Do Schieffer and MLB know that McCourt is going to need certain quantities of money from Dodgers revenue to pay his bills within a certain number of days and are waiting for him to default so they have the grounds to declare him an incompetent steward and put the team up for sale?

It would seem so. They would not take over a franchise as they have without more knowledge than they say they have. The key that spurred the takeover seems to have been the necessity of the $30 million loan early in the month. That McCourt used only $20 mill on the team and kept $10 for himself, if he can be believed, which he can't, seems to confirm the conclusion that the Dodger well has been drier than his needs, and that there is a continuing need to suck some big bucks from another source, to pay the bills of both entities, his and the Dodgers. That McCourt has made such a big deal of the Fox contract that has been nixed seems to make it the only source he has. The dam that MLB has put between him and that source seems to hint that they are waiting for a meltdown, either for the team, for which MLB will provide the funds and bill McCourt, or for himself, or both.

McCourt may have constructed a Rube Goldberg chart designed to do something along the lines of shuttle money, too much, to him, from the Dodgers, in a way that he wanted to keep undetected. It could be that when the contingent from MLB came to oversee the new security system a few weeks ago, they caught wind of what was going on and reported to Selig they had to strike quickly, to nip McCourt's operation in the bud, to force his debt service system out in the open. Selig announced MLB's takeover within three days of that weekend. Why else would McCourt have set up the elaborate flow chart from one "separate" entity to the other, when simplifying it would have been easier to administer?

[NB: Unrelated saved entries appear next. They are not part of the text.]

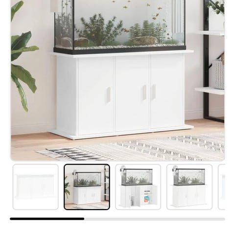 Akvarium med tilhørende hvidt skab med to låger. Indeholder indvendige planter og grusbund. Velegnet til opdræt eller opbevaring af akvatiske dyr. Skabet giver opbevaringsplads under akvariet.ps urte potterne er ikke til salg .500 for det hele
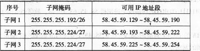 3.如果將58.45.59.128/25劃分3個(gè)子網(wǎng),其中第一個(gè)子網(wǎng)能容納48臺(tái)主機(jī),另外兩個(gè)子網(wǎng)分別能容納29臺(tái)主機(jī),請(qǐng)寫出子網(wǎng)掩碼及可用的IP地址段(6分)。(注:請(qǐng)按子網(wǎng)順序號(hào)分配網(wǎng)絡(luò)地址)。
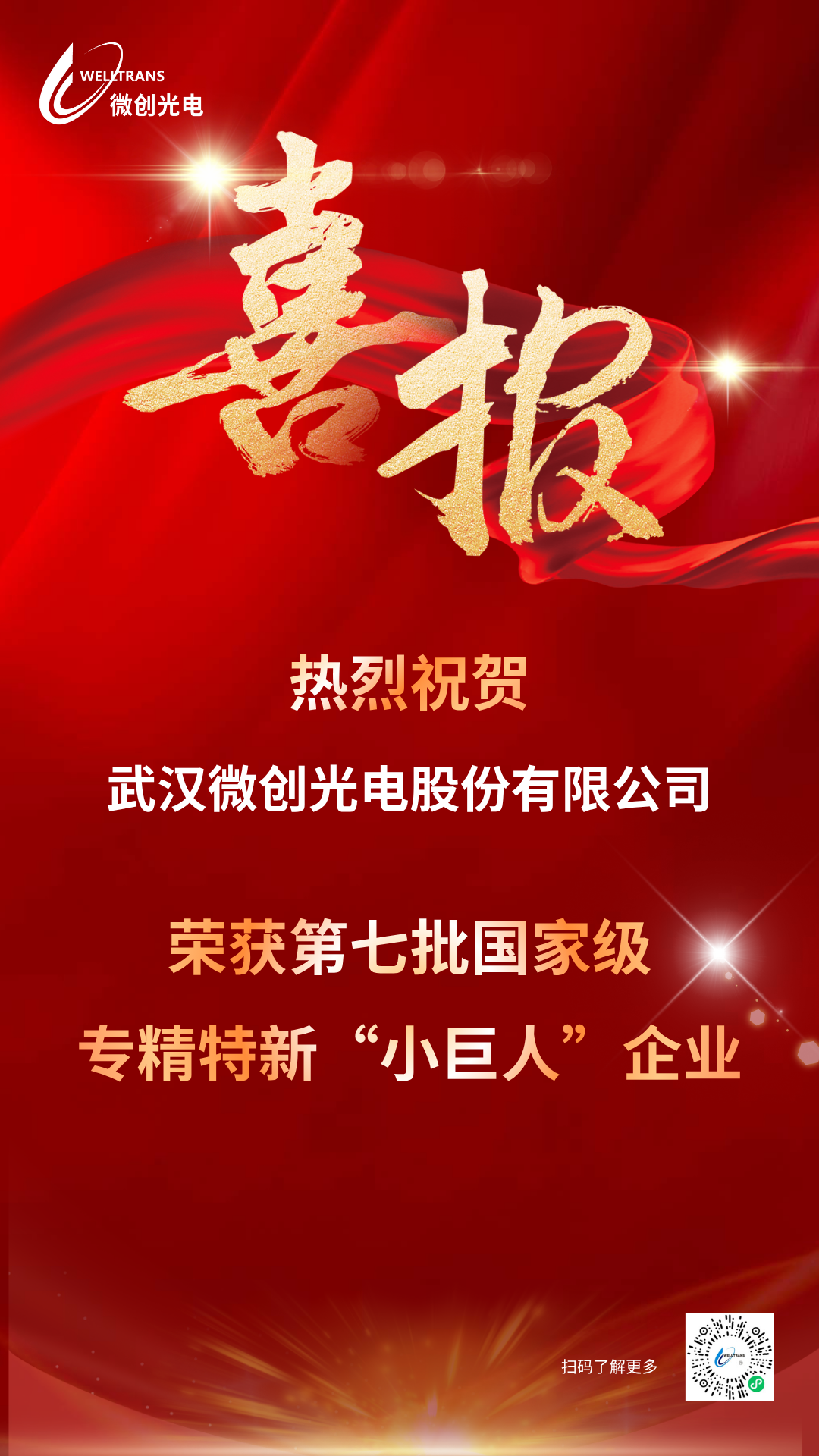 近日,我会会员单位武汉微创光电股份有限公司成功入选2025年国家级专精特新“小巨人”企业名单,荣获国家层面的高度认可。这一成果,标志着公司在“专精特新”发展道路上迈上了新台阶。
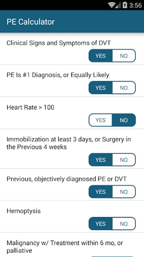 To use PE Calc, enter a yes or no response to each of the criteria:
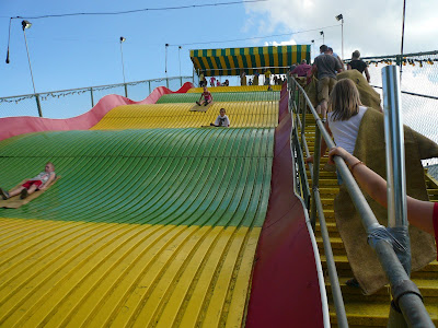 Go down the Giant Slide. This a state fair institution. For $2.50 you can climb 100 stairs, sit on a burlap sack, and cruise down the slide for a 10-second ride. Make sure you scream loud as the microphones placed at the mid-point project the sounds to the crowds below.
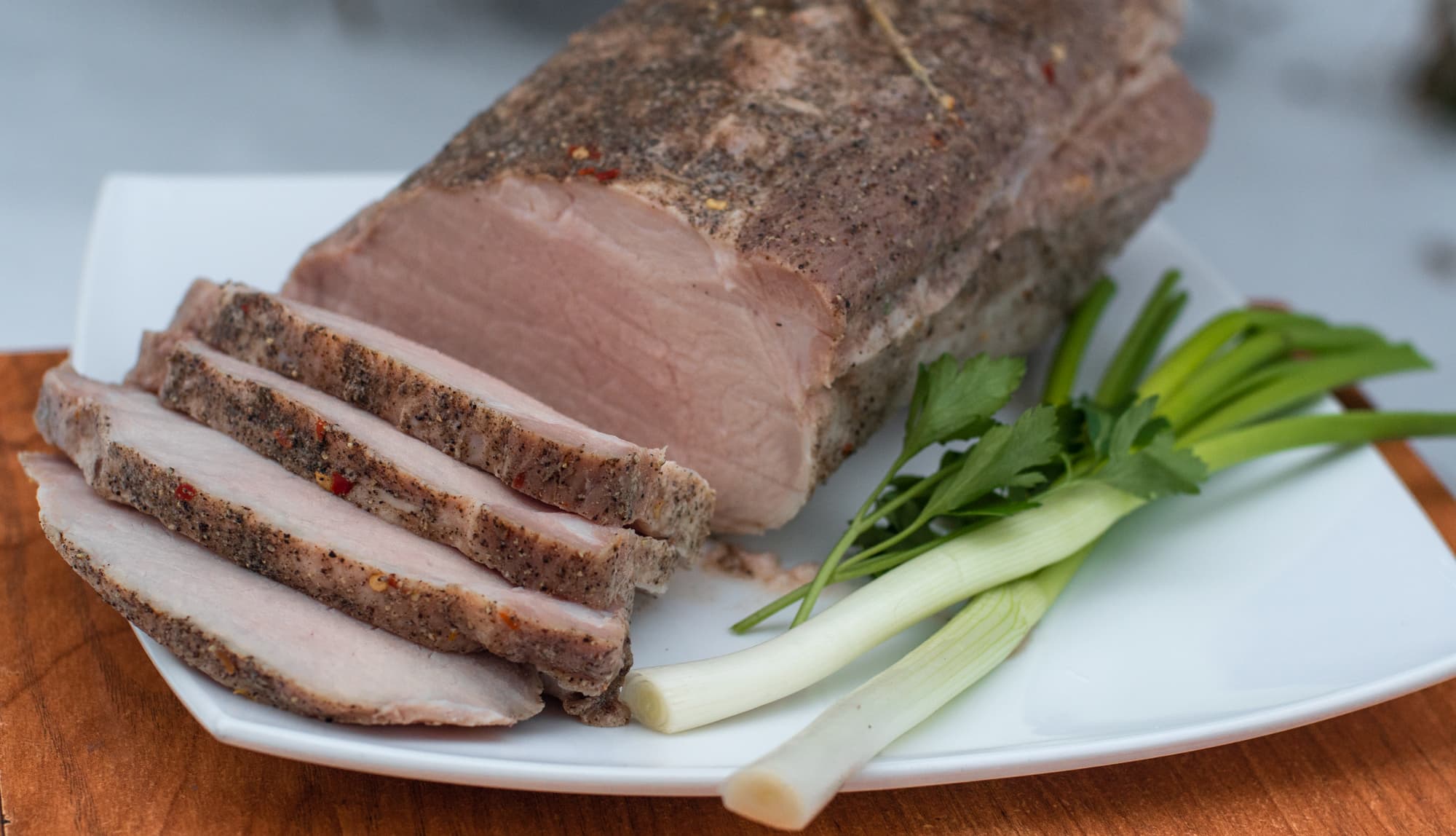 Мы взяли большой кусок свиной корейки, около 2,5 кг, обваляли в специях и завакуумировали.
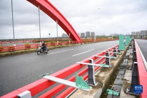 8月25日,在广东阳江市漠阳江东河大桥,一些护栏被台风损坏。

@Native Angeleno: As reported by The Times, one of the reasons MLB hasn't approved the Fox contract could be that Jamie hasn't approved it, which makes MLB wary of being drawn into the who-owns-the-Dodgers debacle and makes any talk of MLB trying to squeeze out current ownership very speculative. Why don't we all just focus on what happens on the field and leave the rest alone?

It was a military coup d'etat with LBJ waiting in the wings.

Not saying Schieffer isn't the right man for the job - it appears he is, but does anybody else see the irony of putting a former politician in charge of finances?

and Torre is just smacking his lips there, waiting to get a bite out of this organization.